ZFNet [2013, paper by Zeiler et al.]

## Main ideas

Deconvolution, transfer learning (*supervised pretraining* is the term used in the paper), learning rate annealing with momentum

## Why it is important

This architecture won the ImageNet competition in 2013, achieving the error rate of 14.8% (compared to 15.4% in the previous year).

Besides, this paper introduced a way to visualize learned convolutional features. Before this work, convolutional neural networks were pretty much black boxes, whose internal workings were unknown. This paper offered essential insights into how convolutional neural networks are learning internal representations. To achieve this goal, the authors introduce a way to map learned features into input pixel space by using a specially designed **Deconvolutional Network**.

## Brief description

### Deconvolution

Before I get into the application of deconvolutions in this paper, first I would like to note that you should not confuse deconvolutions in deep learning with deconvolutions in signal processing, they are very different. In deep learning, deconvolutions are also called transposed convolution and partially strided convolutions. Below, I explain why the term transposed is used.

Convolution allows going from a specified input dimension to some output dimension. Note that the shape of the output dimension is defined by parameters of a given convolution: input size, kernel size, strides, and padding. Deconvolution (transposed convolution) allows to go in the opposite direction: from the output dimension go back to the input dimension. Why would such operation be necessary? There are two reasons:

- deconvolution is used during backpropagation of error through the convolutional layer
- deconvolution is used for upscaling of input in specific deep learning applications such as superresolution and hourglass networks, to name a few.

Backpropagation for the convolutional layer is a deconvolution operation applied to the incoming gradient of the convolutional layer. If you look at convolution operation as the matrix multiplication of input by a convolution matrix $C$ (which is defined by the convolution kernel weights), then backpropagating the error is equivalent to multiplying the incoming gradient by the transpose of the convolution matrix $C$. This is why deconvolution is also called transposed convolution. Note that multiplying by the transposed convolution matrix, $C^T$, is equivalent to deconvolution with filters rotated by 180 degrees.

As for using deconvolutions in upscaling, you perform deconvolution but learn new filters, so that convolutional filters from preceding layers don’t need to be reused.

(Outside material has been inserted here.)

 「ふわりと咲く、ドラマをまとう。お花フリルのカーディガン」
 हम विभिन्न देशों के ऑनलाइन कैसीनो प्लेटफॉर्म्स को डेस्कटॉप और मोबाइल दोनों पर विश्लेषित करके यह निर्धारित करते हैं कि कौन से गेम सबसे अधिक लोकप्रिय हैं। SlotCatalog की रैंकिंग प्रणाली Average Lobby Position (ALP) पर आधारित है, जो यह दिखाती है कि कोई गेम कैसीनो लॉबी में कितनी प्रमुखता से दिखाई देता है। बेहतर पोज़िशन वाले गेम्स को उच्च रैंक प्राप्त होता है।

### Deconvolution Network for Learned Features Visualizations

Visualizations produced are reconstructed patterns from an input image coming from the validation set that cause high activations in a given feature map.

To produce input images that result in maximum activations, a separate **Deconvnet** is attached to the output of each layer whose features we want to visualize. Each **Deconvnet** itself is a neural network whose input is activations of a particular layer, and the output is an image depicting pixels that are responsible for maximum activation of a convolutional kernel of our interest for a given convolutional layer. In the paper, **Deconvnet** is described as a sequence of transposed convolutions, de-pooling and a special *modified ReLU*. The sequence of operations is the reverse of the steps that were used in the original neural network to produce a particular layer’s output. For example, let’s imagine we are interested in visualizing `conv3`

layer of some neural net. The computation below is performed to get to the output of the layer `conv3`

:

`input image -> conv1 -> relu -> conv2 -> relu -> pool -> conv3`

Deconvnet attached to the output, will perform operations in reverse:

`de-conv3 -> de-pool -> relu* -> de-conv2 -> relu* -> de-conv1 -> output image`

The output of the Deconvnet has the same dimensions as the input image in the convnet we are visualizing.

Note that `de-conv`

stands for *deconvolution*, this operation is also sometimes called *transposed convolution*. It uses transposed convolutional kernels of the original network that we want to visualize.

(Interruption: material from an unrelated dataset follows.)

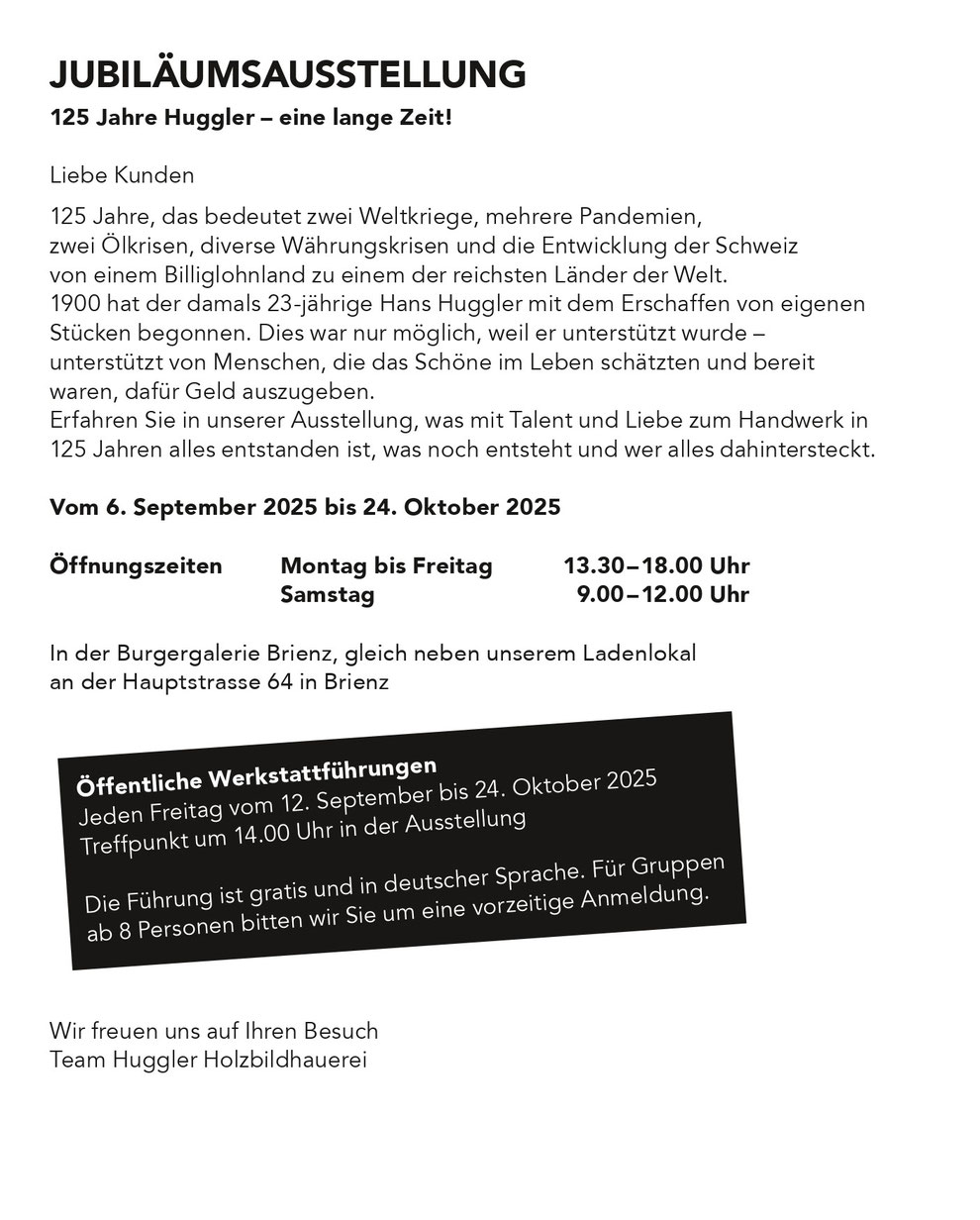 Jeden Sonntag im Juli und August von 11:00-16:00 Uhr

De-pooling operation (`de-pool`

) is expanding dimensionality of data by remembering the pooled positions in the forward pass of the network we want to visualize.

*Modified ReLU* (`relu*`

) only passes forward positive activation, this is equivalent to backpropagating only positive gradients, which is different from backpropagating through a regular ReLU. This is why the authors call it *modified*.

The paper is not very clear about why all these steps are necessary. After some research, I found another way to look at the Deconvnet: it is just a modified backpropagation step of the original convnet we are visualizing. Let’s get back to the example from above:

`input image -> conv1 -> relu -> conv2 -> relu -> pool -> conv3`

Backward pass for this computation looks like this:

`backprop conv3 -> backprop pool -> backprop conv2 -> backprop relu -> backprop conv1 -> gradients of the input image`

Now, backprop through a convolutional layer is just a deconvolution with the kernel rotated by 180 degrees (transposed convolution), so we have `backprop conv = de-conv`

. Backprop through pooling is the same as `de-pool`

as defined in the paper. Lastly, instead of using standard backpropagation through ReLU, the authors use modified ReLU, that only passes the positive activations. So, the backprop step now looks like this:

`de-conv3 -> de-pool -> relu* -> de-conv2 -> relu* -> de-conv1 -> output image`

To conclude, the **Deconvnet** is a slightly modified backward pass through a convnet that you are trying to visualize whose output is an image that produces the maximum activation of a selected convolutional kernel for a selected convolutional layer. That image lets you understand what kind of feature this kernel learned to recognize.

### Understanding Features Visualizations

The visualizations above are fascinating as they offer insights into the internal representation of knowledge learned by the network. It is essential to understand what precisely do they tell us. The images in the left side of the figures are projections from the highest activating neuron in a particular feature map to the pixel space of the input utilizing modified backpropagation outlined above. The images in the right side of the figure are parts of input images that produce a given projection on the left. In other words, visualization of activations is produced for each image separately.

Another critical thing to note is that the size of each of these projections is equal to each neuron’s receptive field upon the input image. Note that neurons in layers closer to the image have a smaller receptive field on the input image, and the further you go away from the image, the larger the receptive field becomes. I made a toy example in Excel that demonstrates that idea in figures below.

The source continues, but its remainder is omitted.